Something happened in the Tomang district of Jakarta, but we may never know
exactly what, and even the Calgary Herald eventually recanted and reported that the number of rapes may not have been as many as earlier stated. Present “hot spots” reported in the news about Indonesia include the island of Timor – east and west. The north Sumatran province of Aceh, the eastern islands collectively known as Maluku (the Moluccas), and Irian Jaya, or the western half of the island of New Guinea.

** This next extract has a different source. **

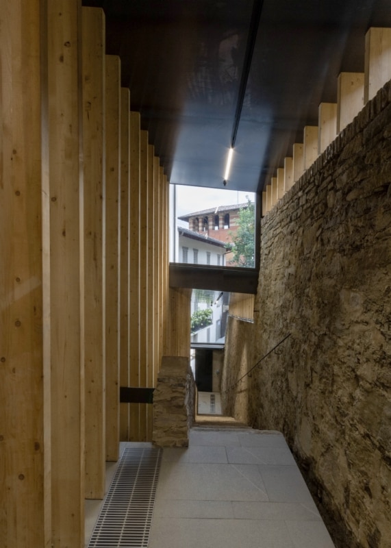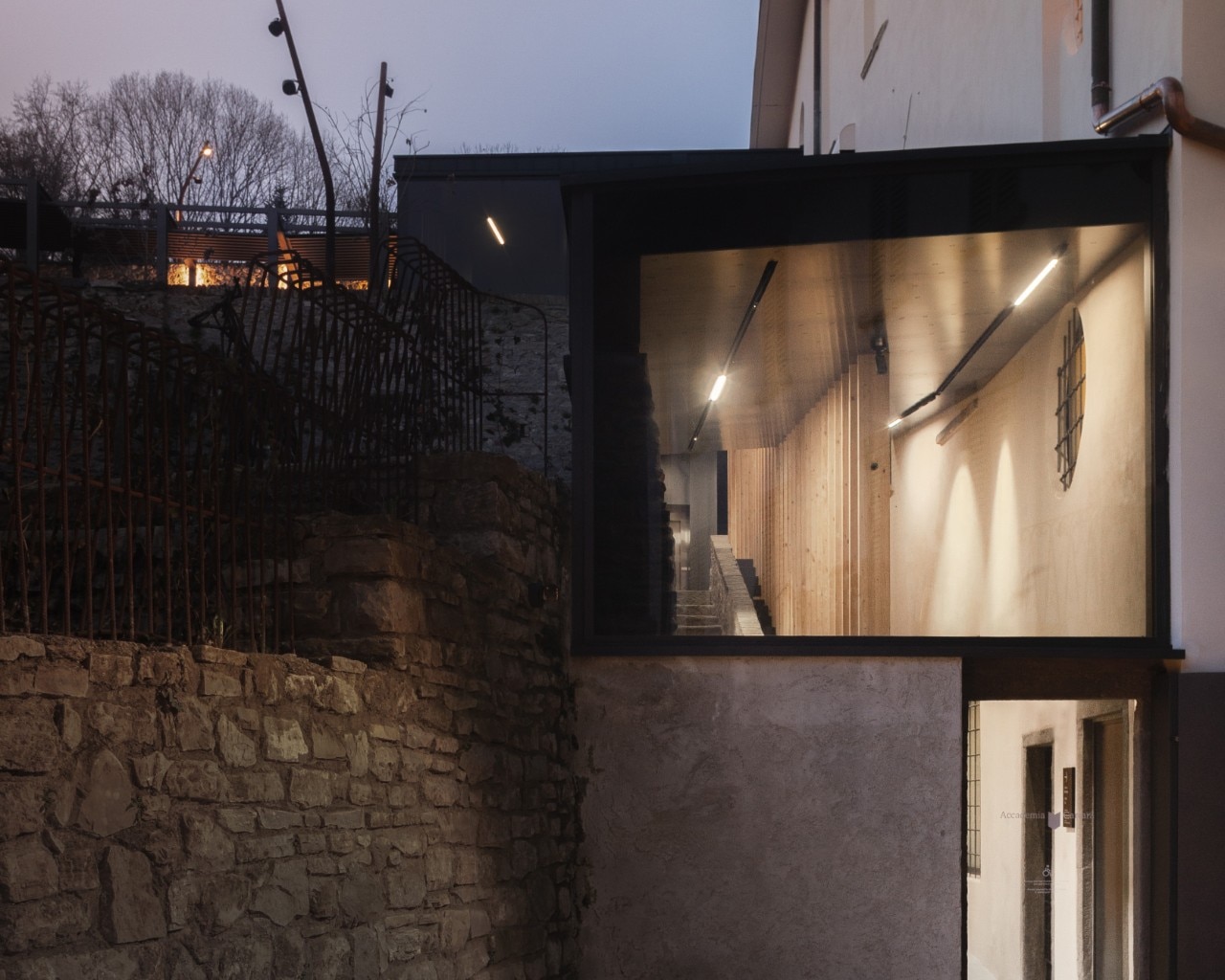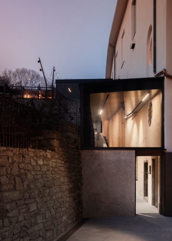 Il lavoro di Antonio Ravalli, selezionato tra trentuno candidature, è stato scelto per la sua capacità di integrare funzionalità contemporanee in un edificio storico, migliorando l’accessibilità e i servizi per il pubblico senza snaturare l’identità del museo. Il nuovo corpo architettonico dialoga con il contesto urbano trasformando un’area di passaggio in uno spazio di connessione: appoggiandosi da un lato sull’antica muratura in pietra che conteneva la collina adiacente, il progetto recupera questo spazio interstiziale e lo rende funzionale, in continuità con i nuovi Giardini Pwc.

There have also been incidents in west Kalimantan (Borneo), in the island of Lombok, (near Bali) in north Sumatra and north Sulawesi (Celebes). It would be foolish to describe any of these incidents as having been motivated primarily by race or religion as the issues surrounding them are quite complex and by no means free of outside interference. Too often an incident has been reported as fighting between Christians and Muslims or between Indonesians and Chinese, when what was actually at issue was a land dispute (as in Maluku), or a clash of cultures between transmigrants from other
areas and the original population.

Events in Maluku have been reported as clashes between the Christian minority and the Muslim majority. Actually, Maluku is one of the few areas of Indonesia with a Christian majority. Reporting the unrest in East Timor as “ethnic cleansing” is equally inaccurate as the fighting is going on mostly between members of the same ethnic group – with a little help from their friends! Reporting on the “persecution of the Chinese” has a number of pitfalls as well. If you were suddenly transported to a busy street in Jakarta, do you think you could point out who was Chinese? Generations of intermarriage and the cross-adoption of children have guaranteed that there are a lot of “Chinese” in Indonesia with more than a healthy tan. Nor would it be helpful to ask a person his name as many ethnic Chinese have names
like Fajar, Harun, Dharma or Chandra. Names that sound of India or the Middle East. It would not be any more accurate to report the kinds of disturbances that have occurred in Jakarta and west Kalimantan as Muslim against Christian, or Muslim against Buddhist. Actually, the majority of Indonesian Chinese follow a religion that is a mixture of Confucianism, Buddhism and Taoism. A closer examination of the incidents reported would
again reveal that economic and cultural factors that instigated the violence were not necessarily laid out along religious or ethnic boundaries. The situation of the Indonesian Chinese is very complex and many of the problems involved represent a continuation of trends that began in colonial times. Continually stressing the religious aspect of a conflict when so many other issues are involved could actually serve to elevate this aspect to a
position of importance it should not have. Inevitably the choice of this emphasis also aids in reinforcing racial or religious stereotypes. It is a simplistic kind or reporting, or “dumping down of the news” which has done nothing to help resolve conflicts or to promote international understanding.